I am 45 and am now married for the second time. I was a late bloomer in terms of really getting interested in men, but boy, did I make up for lost time once I started having sex! :) Still, I never had any long-term relationships until I was 27, when I met and married my first husband. We were together for seven years, then divorced. I then made up for those years of monogamy once I discovered internet dating, and got enough sex to last me several lifetimes!

I met my current husband six years ago, online, and from our first date we were inseperable. He moved in about two weeks after we met, and we got married almost three years ago. We are very happy. Since we met, I found out that I have Aspergers, which has helped our relationship enormously.
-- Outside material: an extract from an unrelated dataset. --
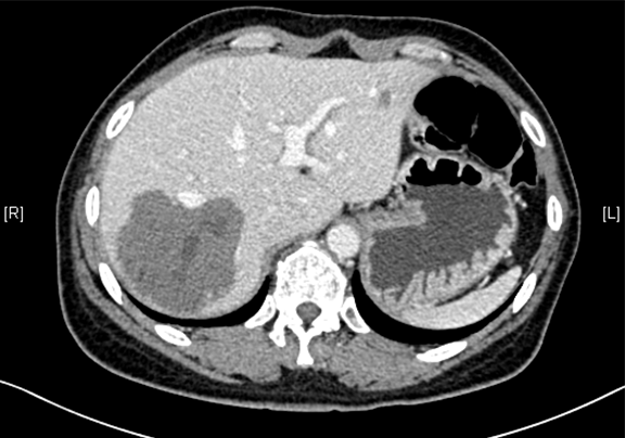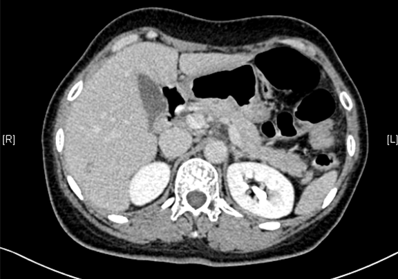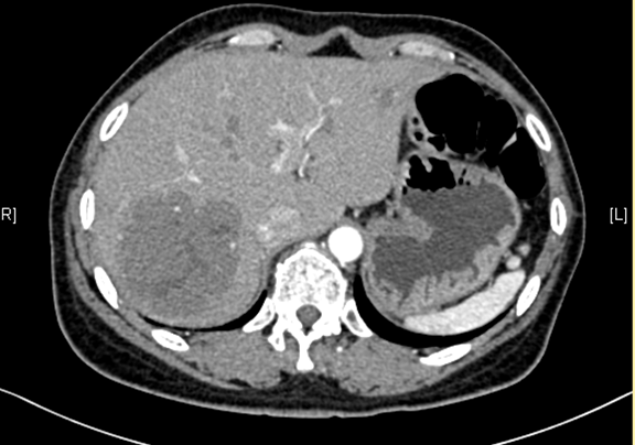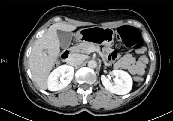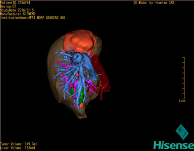 现病史:患者于10天前因右上腹外伤于当地医院查体发现肝占位,右上腹隐痛,无腰背部放射痛、皮肤巩膜黄染、恶心、呕吐、寒战、高热、腹泻、血便、咳嗽、咳痰、胸闷、气短、尿频、尿急、尿痛、血尿。行上腹部增强CT示:肝脏多发血管瘤可能性大,胰尾部小囊肿可能性大,左侧输尿管扩张积水,建议手术治疗。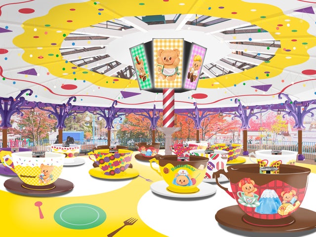 長年親しまれてきたアトラクション「ティーカップ」が、コラボレーションに合わせて「Par-tea CUP(パーティーカップ)」として大幅にリニューアルします。コンセプトは「ゲストと一体となって楽しめる“ライブ感”」です。音響・照明・映像設備を刷新し、中央に新設された大型LEDモニターにはButterbearの映像が流れ、カラフルでキュートな装飾とともにSNS映えする空間を演出します。アトラクション乗車中の動画撮影も可能であり、まるでButterbearと一緒にパーティーを楽しんでいるかのような特別な体験を提供します。

I wasn't able to have children, for some inexplicable medical reason. Both my ex-husband and my current husband each have two children from previous marriages, so I've had years of experience of being the ignored stepmother whose husband(s) are still on the hook for child support. Neither of my husbands wanted/want to adopt or foster, so I'm SOL on that front. This was hard for me, but perhaps it was best for my mental health not to have had children. I don't know.

I, too, only read non-fiction and enjoy documentaries, and don't have many female friends. I don't like shopping and talking about clothes, makeup and celebrities is boring, so I usually enjoy talking to older people about politics, psychology, and social issues.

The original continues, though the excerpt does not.